*Task material*
--- START ---

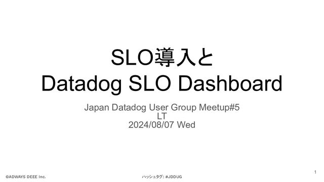 ハッシュタグ: #JDDUG ©ADWAYS DEEE Inc. SLO導入と Datadog SLO Dashboard Japan
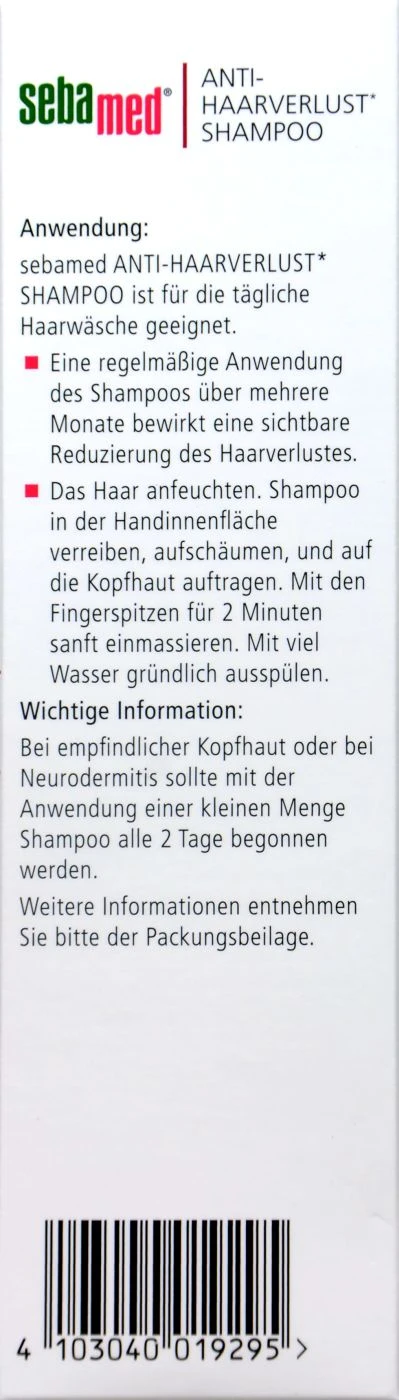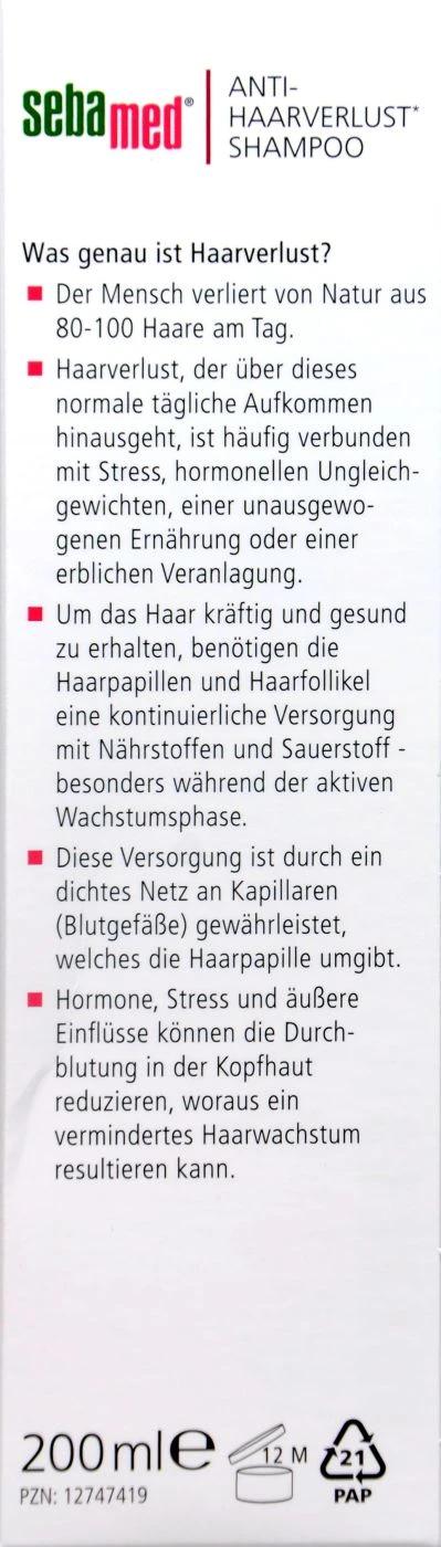 Das Sebamed Anti-Haarverlust Shampoo ist ein Produkt für die Haarpflege. Mit der einzigartigen NHE-Pflegeformel wird erblich bedingtem Haarausfall vorgebeugt. Die Formel und die Zusätze Coffein und Ginkgo Biloba sorgen für eine geförderte Durchblutung der Haare.
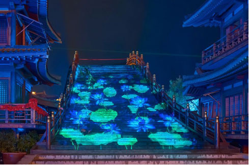 | 古城襄陽(yáng),唐城影視基地內(nèi),耗資2.5億的《盛世唐城之大唐倚夢(mèng)》,由近400名專業(yè)演員依托40萬(wàn)平方米仿唐建筑群為背景的大型嵌入行進(jìn)式全景秀每晚上演。作為《盛世唐城之大唐倚夢(mèng)》的主要影像設(shè)備,Vivitek(麗訊)共采用了38臺(tái)亮度為18,000 流明的激光工程投影機(jī)DU9800Z,分布在花萼樓、虹橋、朱雀門(mén)、德勝門(mén)等著名長(zhǎng)安城景點(diǎn),其中花萼樓共使用12臺(tái)Vivitek(麗訊)DU9800Z激光工程投影機(jī),虹橋、朱雀門(mén)和德勝門(mén)則分別使用了2臺(tái)、20臺(tái)和4臺(tái),通過(guò)拼接、融合的方式投射出震撼清晰的3D影像,完美詮釋了裸眼建筑3D投影的震撼效果。 | 《盛世唐城之大唐倚夢(mèng)》旅游項(xiàng)目通過(guò)演藝節(jié)目與國(guó)際目前最先進(jìn)的舞美技術(shù)和設(shè)備相結(jié)合。利用視覺(jué)沖擊的裸眼3D、多層次的空中威亞、炫目震撼的燈光秀及美輪美奐的水秀表演等聲光電高科技的方式打造一臺(tái)具有創(chuàng)新意識(shí)的原創(chuàng)觀感體驗(yàn)秀。從凱旋樓、明德門(mén)、朱雀廊、東西市到皇城內(nèi)的全景式演繹中,多方位打造一個(gè)立體、互動(dòng)、時(shí)尚的景觀,為每一位客人帶來(lái)視覺(jué)的震撼,讓大家觀賞到氣勢(shì)恢宏的大唐雄風(fēng),感受到濃郁的盛唐風(fēng)情,將大唐夜游文化再次打造成為全民關(guān)注的熱點(diǎn)。 |
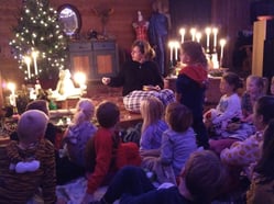 Kinderen komen in pyjama, nemen hun knuffel mee en verzamelen zich op de grond voor het podium in onze ruimte.
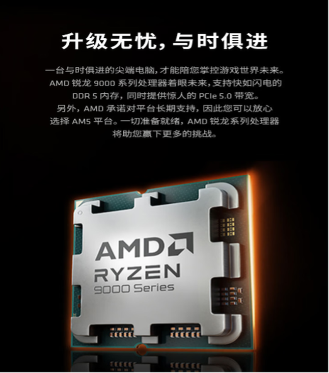 AMD 锐龙7 9700X处理器出色的性能可以完美且稳定运行目前市面上主流的3A大作和竞技网游,让玩家们保持更好的游戏状态,彻底告别卡顿掉帧,拥有沉浸式的极致游戏体验。更值得一提的是,AMD 锐龙7 9700X处理器在游戏时温度低功耗更低,搭配主流风冷散热器即可稳定输出,为玩家提供持久可靠的性能保障。ZEN5架构锐龙处理器、DDR5内存与Gen5 SSD的组合,已经成为目前PC硬件升级的终极答案,三者通过技术突破与协同优化,在性能、能效和用户体验上实现全面飞跃。

--- END ---

*Required work*
Once you find the line containing "Kinderen komen in", retype it and every line after it through the last line of the records above, exactly. Add nothing else, and leave out the pictures.

*Response to this exercise*
 Kinderen komen in pyjama, nemen hun knuffel mee en verzamelen zich op de grond voor het podium in onze ruimte.
 AMD 锐龙7 9700X处理器出色的性能可以完美且稳定运行目前市面上主流的3A大作和竞技网游,让玩家们保持更好的游戏状态,彻底告别卡顿掉帧,拥有沉浸式的极致游戏体验。更值得一提的是,AMD 锐龙7 9700X处理器在游戏时温度低功耗更低,搭配主流风冷散热器即可稳定输出,为玩家提供持久可靠的性能保障。ZEN5架构锐龙处理器、DDR5内存与Gen5 SSD的组合,已经成为目前PC硬件升级的终极答案,三者通过技术突破与协同优化,在性能、能效和用户体验上实现全面飞跃。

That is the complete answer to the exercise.